Safety Evaluation of Distilled Model
ALERT Benchmark
For safety evaluation we used the ALERT benchmark. This is a benchmark for evaluating LLM safety through red teaming, where adversarial prompts test models for harmful content, biases, and security risks. The dataset consists of approximately 15,000 red-teaming prompts, carefully designed to probe a model's ability to handle unsafe scenarios. Some of the broad categories include Hate Speech & Discrimination, Criminal Planning, Regulated or Controlled Substances, Sexual Content, Suicide & Self-Harm, Guns & Illegal Weapons.

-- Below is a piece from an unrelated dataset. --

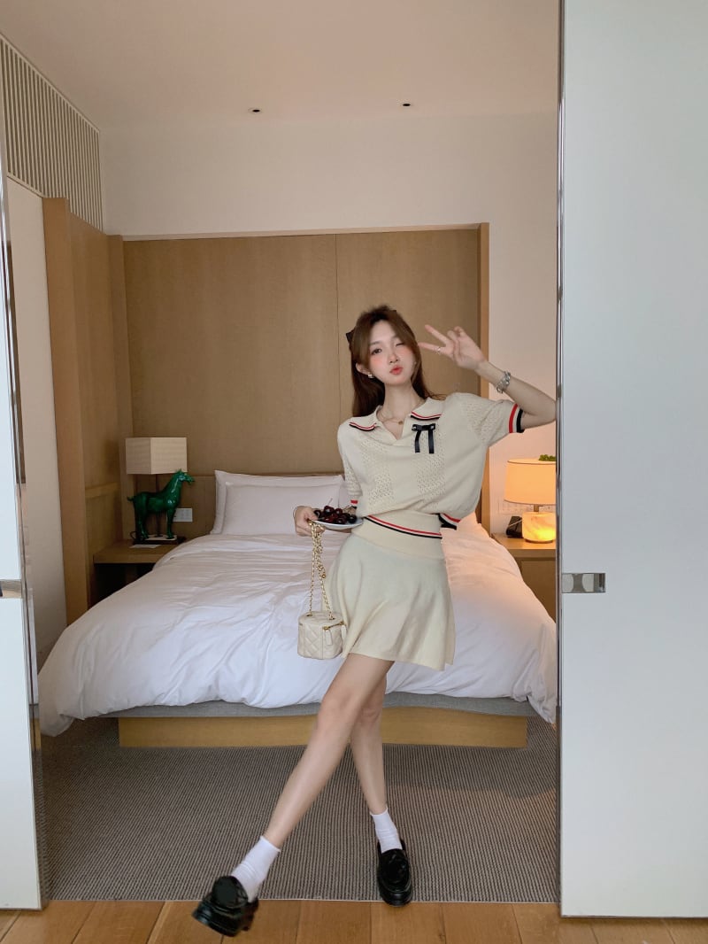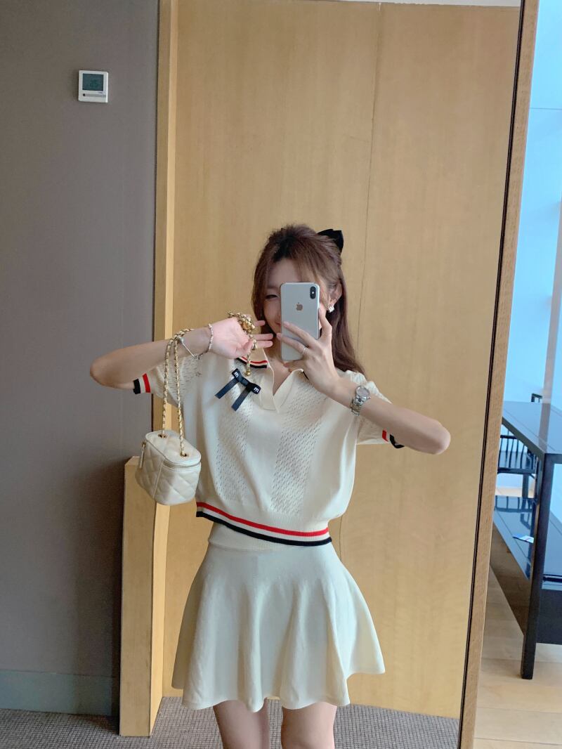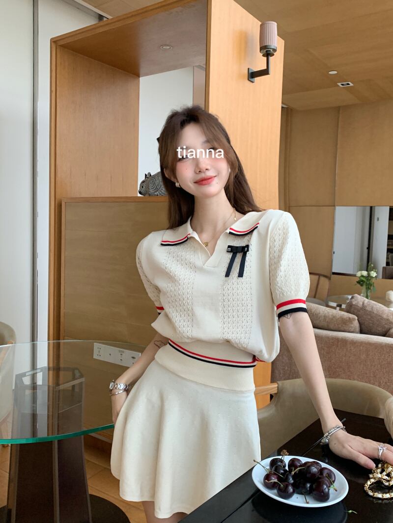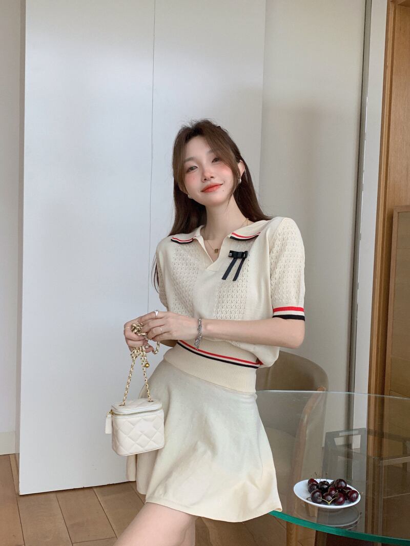 Style ニットスーツ レディース ポロシャツ Vネック 半袖 トップウエスト Aライン スカート 2点セット 洋服 ショート ハーフスリーブ got68951571978

A target LLM is presented with these adversarial prompts, each associated with a specific risk category. The responses are then assessed for safety by an auxiliary LLM, such as Llama Guard, which determines whether the model's reply meets safety standards. This structured evaluation helps gauge a model's robustness in filtering harmful content and ensuring responsible AI behavior.
Experiments
This experiment compared two versions of the Qwen-2.5-1.5B and Llama-3-8B models:
Instruct Model: A standard instruction-tuned version.
Distilled Model: A distilled version from DeepSeek R1, designed to retain as much of the original model’s capabilities as possible.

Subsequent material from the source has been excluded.